High-fat challenge induced trained innate immunity

Atherosclerosis is characterized by a persistent inflammation of the arterial
wall. Monocyte-derived macrophages are the most abundant immune cells in
atherosclerotic plaques. It has recently been shown that not only immune cells
of the adaptive immune system, but innate immune cells as well are able to
adopt a long-term pro-inflammatory phenotype upon stimulation. This nonspecific
memory of innate immune cells is mediated by epigenetic and metabolic
reprogramming and is termed "trained innate immunity." Previous findings from
our lab have shown that not only bacterial components such as LPS, but also
pro-atherogenic particles such as oxidized LDL can induce trained immunity in
monocytes. Interestingly, this memory-effect of trained immunity indicates that
even temporary triggers could induce the persistent inflammation in
atherosclerosis.

Triglyceride-rich lipoproteins (TRL) have been identified as an important
independent risk factor for atherosclerosis. Moreover, elevated plasma levels
of these lipoproteins are associated with increased pro-inflammatory markers.
TRLs, however, are characterized by alternating plasma levels, with brief
elevations following (fat containing) meals. Notably, a high-fat meal not only
contributes to the transient increase of TRL plasma levels, but also induces a
brief elevation in LPS levels by briefly increasing the permeability of the
gut.

We now aim to investigate whether a single high-fat meal can induce trained
innate immunity, since this concept might explain how brief postprandial
effects can translate into a long-term pro-inflammatory and pro-atherogenic
monocyte phenotype.

The primary objective is to determine whether a high-fat meal can induce a
persistent pro-inflammatory monocyte phenotype, characterized by an increased
cytokine production capacity upon ex vivo stimulation. Secondary objectives
are metabolic and epigenetic reprogramming of monocytes at these time points as
well as the capacity of serum, isolated before and 1-6h after an oral fat load,
to induce an increased cytokine production in healthy human monocytes.

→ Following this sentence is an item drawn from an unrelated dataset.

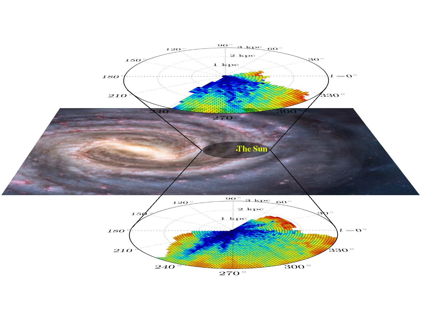 | Cartoon edge-on view of our Galaxy and volume probed by RAVE, colour-coded by the azimuthal velocity map of the RAVE targets (Kordopatis et al., 2013 MNRAS). The maximum distances probed by the Gaia-ESO survey are also indicated, for comparison purposes. |
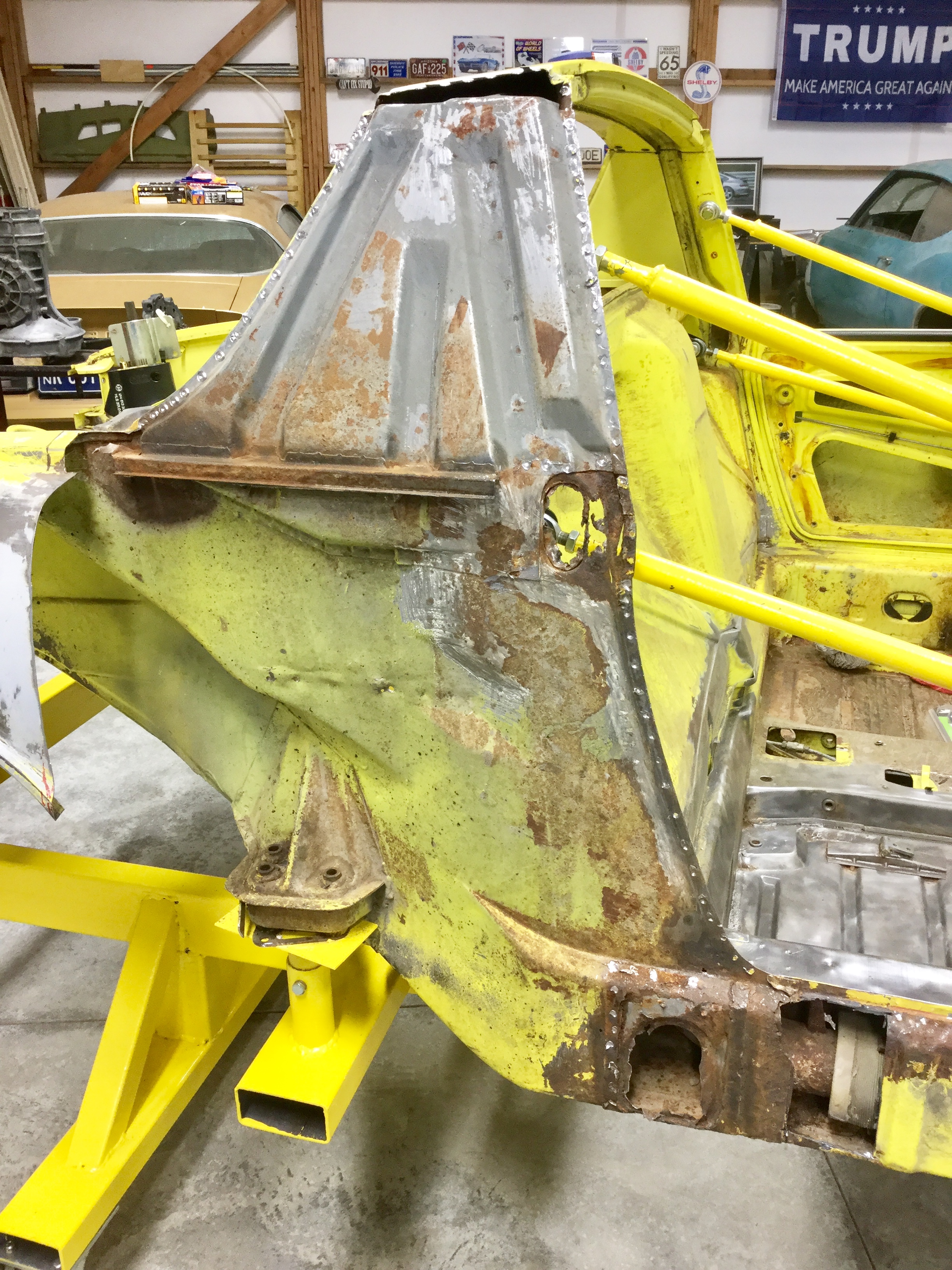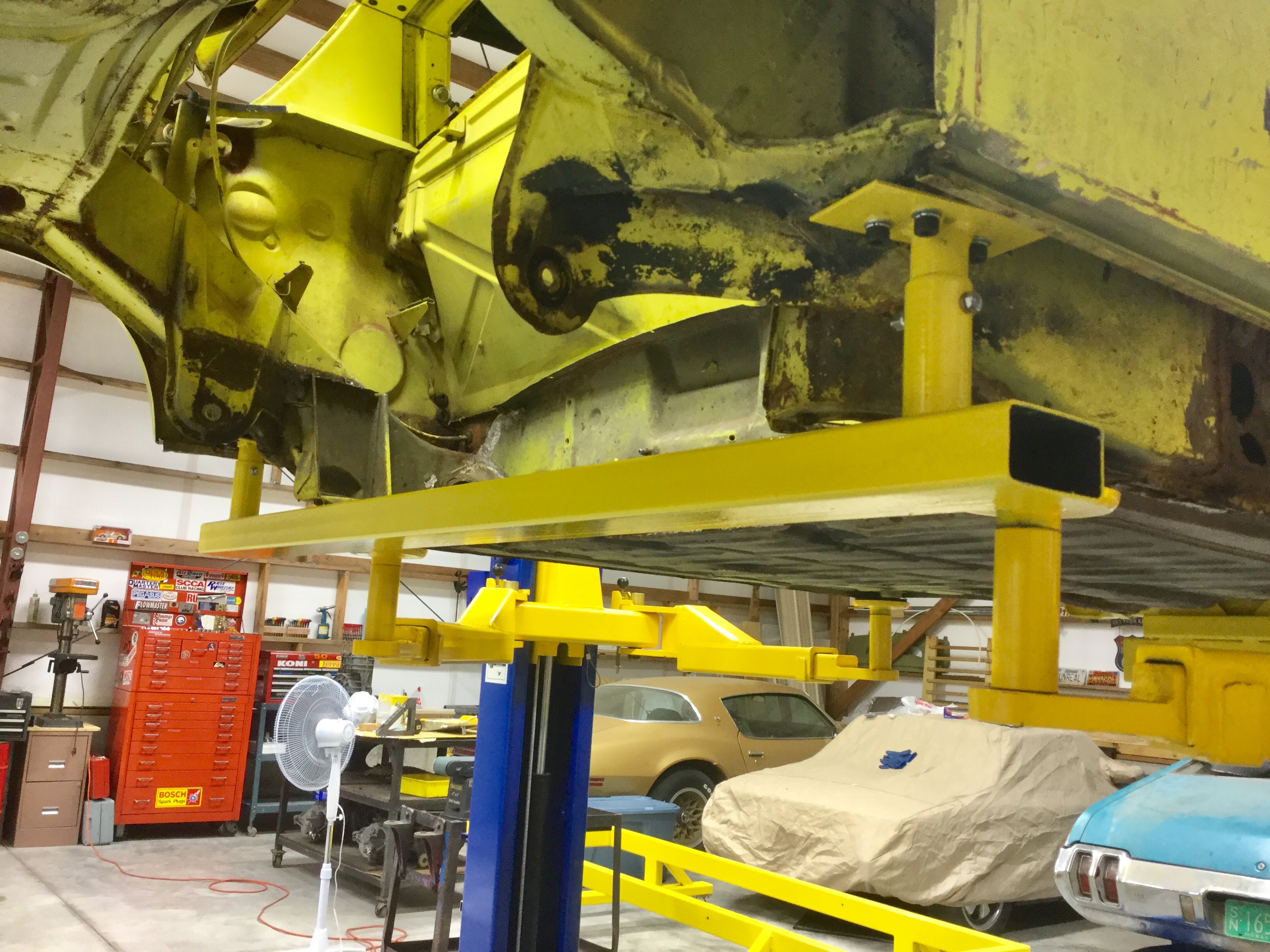 Rear suspension mount. Also added one at the trans mount area and a support under the firewall/floor pan area.

Cross-over high-fat challenge intervention study.

A single high-fat challenge (milkshake containing 95g of fat) and *control*
shake (comparable to an average breakfast).

There is no risk associated with participation. After informed consent 3 mL of
blood will be drawn during the screening visit. A general, medical will be
used. Moreover, participants will be asked to keep a food diary for 3 days.
During the study each participant will consume a high-fat milkshake and
*control* shake after an overnight fast. At baseline t=0h and at visit 1: t=1h,
t=2h, t=4h, t=6h, visit 2: t=24h and visit 3: t=72h after the intervention
shake, a total of 205 mL blood will be collected by using a venflon. The night
before and during the 3-day study period, the participants will receive
standardized meal plans, adjusted to their individual caloric requirements. The
same protocol will be repeated for the *control* shake.